I guess that's about it.


----------



## Terry Kennedy (Sep 21, 2002)

*And now for something slightly different...*

If you've read my early research on this retrofit, it is to use the rear fog light switch as an OEM-looking way to operate an electronic deer whistle under the hood.

I'm getting ready to do the install (finally) and I'm looking for suggestions on the best way to get a wire from pin 49 on the LCM into the engine compartment. I assume there are a number of existing holes with parts of the wiring harness in them - I'm looking for hints on the easiest runs, so I don't have to completely disassemble the dash/instrument cluster, etc. if I don't have to. The ideal hole would be reasonably easy to get to on both sides, and would have some space for a single wire without needing to enlarge the hole, etc.

Any suggestions? Also, if there are any documents in the TIS about installing wiring here, pointers to them would be useful.


----------



## Toast (Jan 9, 2002)

Check out the instructions for installing front foglamps on the circlebmw site. It shows you how to run the wiring harness from the front of the car (foglamps) to the LCM through a hole (with a water proof boot, i think). Hope the info helps.


----------



## Kaz (Dec 21, 2001)

If you don't mind getting the wire over to the RH side first, it's a piece of cake. There are plenty of places in the 'empty compartment' in the engine compartment where you can poke a wire through one of the existing grommets and into the back of the fusebox.

There are similar things on the LH side but are more difficult to access because all the brake components and the e-box are there.


----------



## sp330i (Dec 26, 2001)

Just got a quote of $56.00 for the non-xenon, halogen switch from Hendricks BMW. 
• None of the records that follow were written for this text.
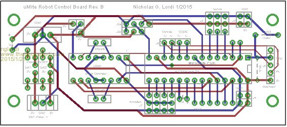 The attached figure (robot.jpg) shows my micromite controlled robot. It consists of an Actobotics platform with a with a control board (umiterc.gif) designed to interface the micromite with a L293D motor controller. The board allows easy connection of up to 3 servos, a ping, bluetooth module and an IR remote sensor (not shown). Two Li-Ion rechargeable batteries power the board. A 3V battery powers the micromite and the bluetooth module. A 9V bsattery regulated to 5V powers all other components. One can select either 5V or 9V to power the motors.
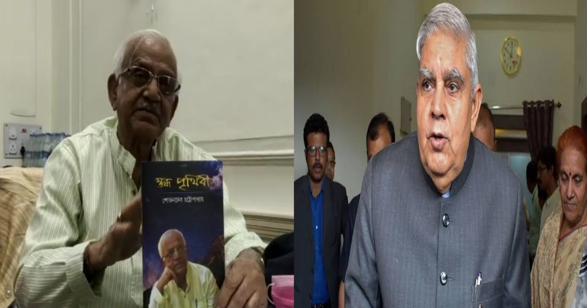 রাজ্যের সাথে রাজ্যপালের সংঘাত অব্যাহত। রাজ্য সরকারের একাধিক বিষয় নিয়ে বারংবার সংঘাতে জড়িয়েছেন রাজ্যপাল। এবার নিজের লেখা কবিতায় রাজ্যপাল জগদীপ ধনকড়কে কড়া ভাষায় কটাক্ষ করলেন রাজ্যের মন্ত্রী শোভনদেব চট্টোপাধ্যায় (Sovandeb Chattopadhyay)। আজ বৃহস্পতিবার শোভনদেব চট্টোপাধ্যায়ের নিজের লেখা বই ‘স্তব্ধ পৃথিবী’ প্রকাশ করেন। সেখানেই একটি কবিতায় শোভনদেব চট্টোপাধ্যায় লেখেন,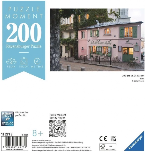 Odkryj urok francuskiej metropolii z wysokiej jakości puzzlami Ravensburger. Zestaw składa się z 200 precyzyjnie wyciętych elementów, które idealnie do siebie pasują i tworzą zachwycającą panoramę Paryża. Idealny wybór do relaksu, rozwijania koncentracji oraz radości z ukończonego obrazu.

Wonder if you can just replace the switch to convert a non autolight to autolight functions? :dunno:


----------



## Kaz (Dec 21, 2001)

sp330i said:


> *Just got a quote of $56.00 for the non-xenon, halogen switch from Hendricks BMW.
> 
> Wonder if you can just replace the switch to convert a non autolight to autolight functions? :dunno: *


No, since the autolight sensor is up where the rainsensor is by the rearview mirror.


----------



## sp330i (Dec 26, 2001)

I had a follow-up reply from Hendricks regarding part number 

61 31 8 378 572 - Halogen/no autosensing

This is what it said...

"I have just found out that the light switch you are wanting will only fit a US 330 convertible. Other than that, it will only fit 3 series euro cars. That part will not work with any other US car. Sorry I have implied false info. Let me know if I can help you with anything else.
Thanks,
Hendrick BMW"

Can anyone with personal experience or an ETK dispute that?


----------



## Kaz (Dec 21, 2001)

AFAIK I haven't gotten any reports back from any halogen/no auto people. I'll try and verify the PN again, but hopefully someone who's gotten this to work with that PN will chime in.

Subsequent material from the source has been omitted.